As a lawyer I had always been concerned regarding the legal safeguards in the Bill and nothing I heard during the debate assuaged my fears, where Kim had to return to the chamber to correct the record after incorrectly giving the impression the judiciary had formally endorsed her Bill. The procedure in the Bill seems to envisage an inquisitorial approach quite alien to the Common Law and not something in which our judges are trained. The Court’s approval is consequently likely to become a tick box exercise where no High Court judge will have the expertise to second guess doctors’ judgements which will largely have to be taken at face value. I am also concerned the arbitrary 6 month time limit will be subject to human rights challenges on the basis that assisted dying is being denied to those who are in intolerable pain but not in the final stages of a terminal disease – a relaxation that at least one MP called for during the debate and which leading barristers, who addressed MPs in meetings prior to the Second Reading, said they would pursue – meaning that a central pillar limiting the Bill’s reach is arguably unstable, making further expansion of the law’s ambit more likely.

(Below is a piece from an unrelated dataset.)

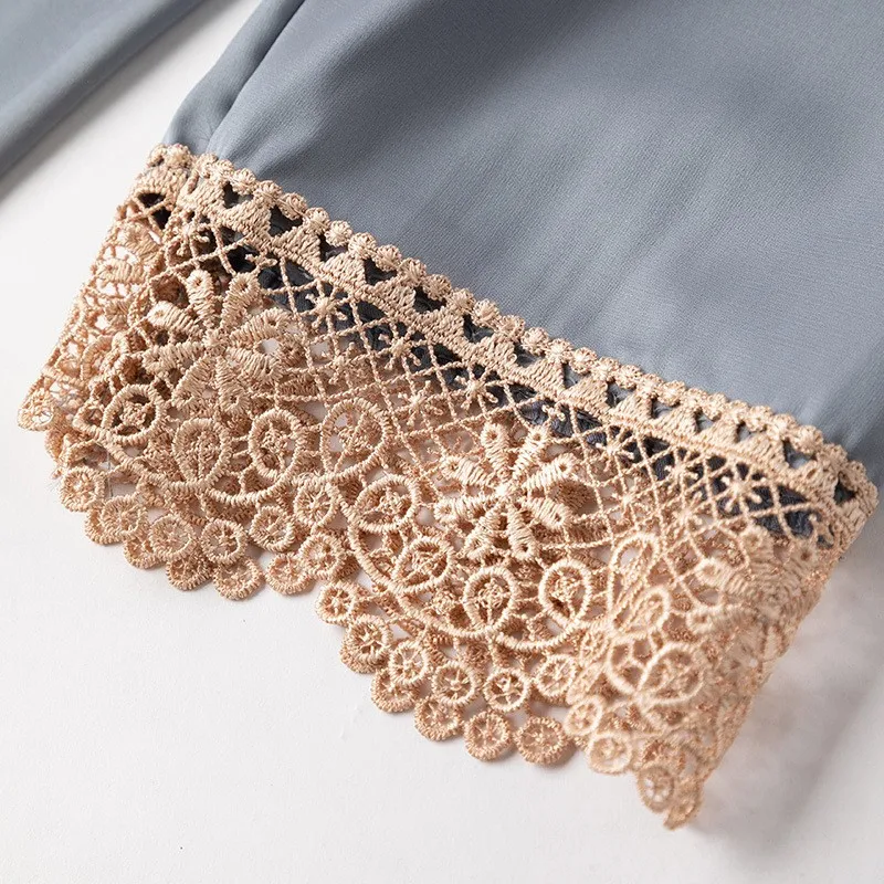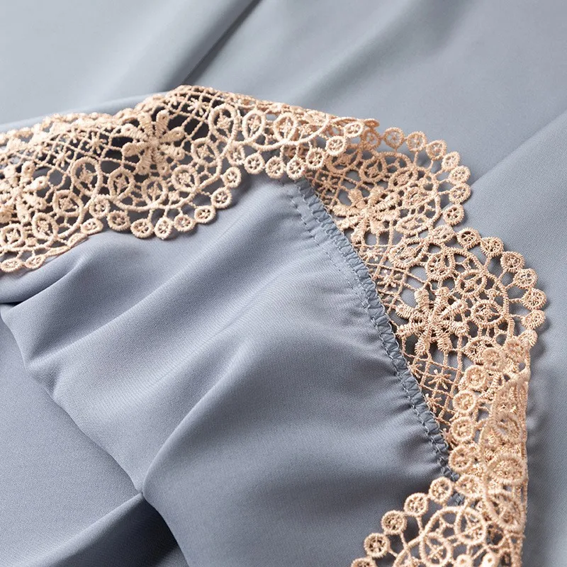Женское кружевное ночное белье с V-образным вырезом, атласная одежда для сна, ночная рубашка с длинным рукавом, летняя тонкая Домашняя одежда, спальная юбка, платье для сна

I consequently went into the No Lobby on Friday having reluctantly decided Kim’s Bill did not adequately address the practical and ethical issues that any legalisation on assisted dying must confront. If enacted the Bill will irreversibly alter the relationship between doctor & patient and, in my opinion, lacks effective safeguards to exclude coercion in all its forms.

 As everyone in the Chamber appeared to agree, that many more terminally ill patients could achieve a good death provided proper palliative care and analgesic support was available, I was not prepared to vote in favour on this occasion. There was, however, very clear disagreement amongst parliamentarians as to whether those measures alone are sufficient to avoid terminally ill patients suffering in every case. I remain unpersuaded that they are, which is why I am still supportive of the principle and do not rule out voting in support of assisted dying in the future; provided it can be offered without coercion, particularly to those lacking agency. 

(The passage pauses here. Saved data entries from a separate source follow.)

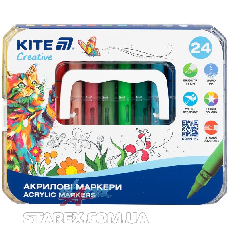 Маркери акрилові з рідкими чорнилами, 24шт Kite Creative
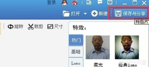 6、接下来点击右上角的“保存与分享”按钮,把刚刚制作的照片保存一下。
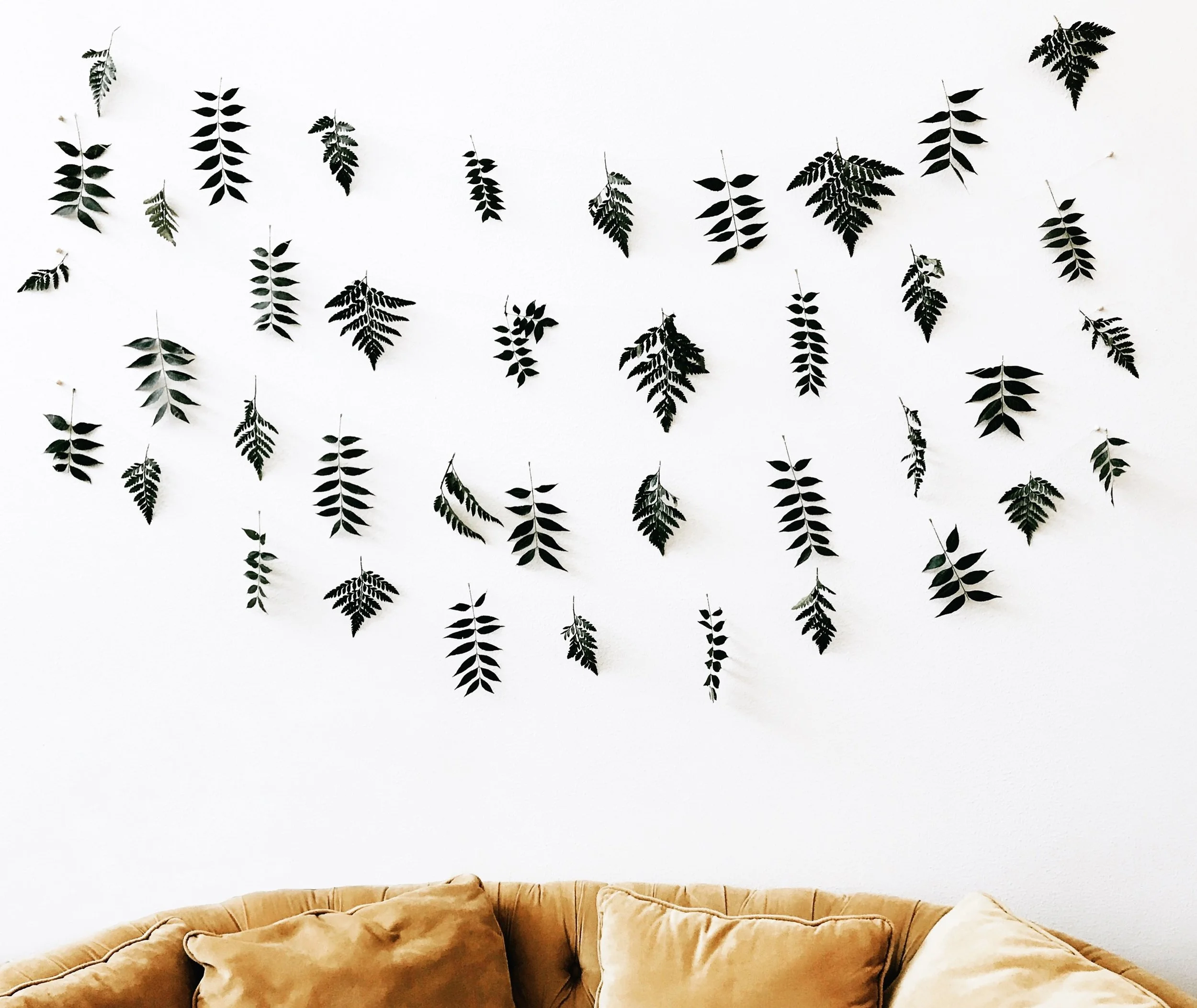 To put it together, simply cut a strand of hempmcord to your desirable length. I used a straightener to iron out all off the kinks so that it would hang naturally. Add an assortment of greens equidistant from each other, alternating types of greenery. Tack the ends to a wall, and you're done!

As the bill passed its Second Reading, its provisions will now be subject to scrutiny and possible amendment in a Bills Committee, the results of which will be conveyed to the Commons at the Report stage. That will be followed by the Third Reading, comprising a vote on the Bill as amended in committee. I pledge to look afresh at the Bill, before deciding how to vote at that stage, in light of the many amendments that will doubtless have been made, along with anything the Government is proposing to do regarding palliative care and the legal uncertainties surrounding the use of analgesics. If the Bill passes at Third Reading, it then moves to the Lords, where it is subject to a similar process of scrutiny and possible amendment. The final text of the Bill is required to successfully complete all its stages, in both the Commons and the Lords, before coming into law on receipt of the Royal Assent which is likely to be a protracted process. 

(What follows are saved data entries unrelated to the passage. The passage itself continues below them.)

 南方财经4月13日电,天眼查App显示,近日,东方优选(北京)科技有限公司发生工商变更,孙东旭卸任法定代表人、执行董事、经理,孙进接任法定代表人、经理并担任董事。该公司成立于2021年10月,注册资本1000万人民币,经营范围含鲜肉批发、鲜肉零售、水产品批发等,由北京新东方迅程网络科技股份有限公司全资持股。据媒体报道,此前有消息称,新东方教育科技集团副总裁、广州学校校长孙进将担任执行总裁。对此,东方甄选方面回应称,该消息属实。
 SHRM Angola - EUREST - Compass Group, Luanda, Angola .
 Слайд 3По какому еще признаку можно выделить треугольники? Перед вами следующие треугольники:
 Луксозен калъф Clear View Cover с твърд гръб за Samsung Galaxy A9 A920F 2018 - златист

In finishing can I thank all of you for your contributions and the support I have received during what has been the most difficult decision of my life. Whilst the correspondence and emails I have received have been evenly split between those in favour and those opposed to the Bill, I am conscious that according to opinion polls I am likely to have voted against the wishes of the majority of my constituents. Whilst I regret that, I can only repeat what I said at the public meeting, that I am a representative, not a delegate, chosen to exercise my judgement on behalf of my constituents and doing my best to make a reasoned judgement on all the evidence that was available to me.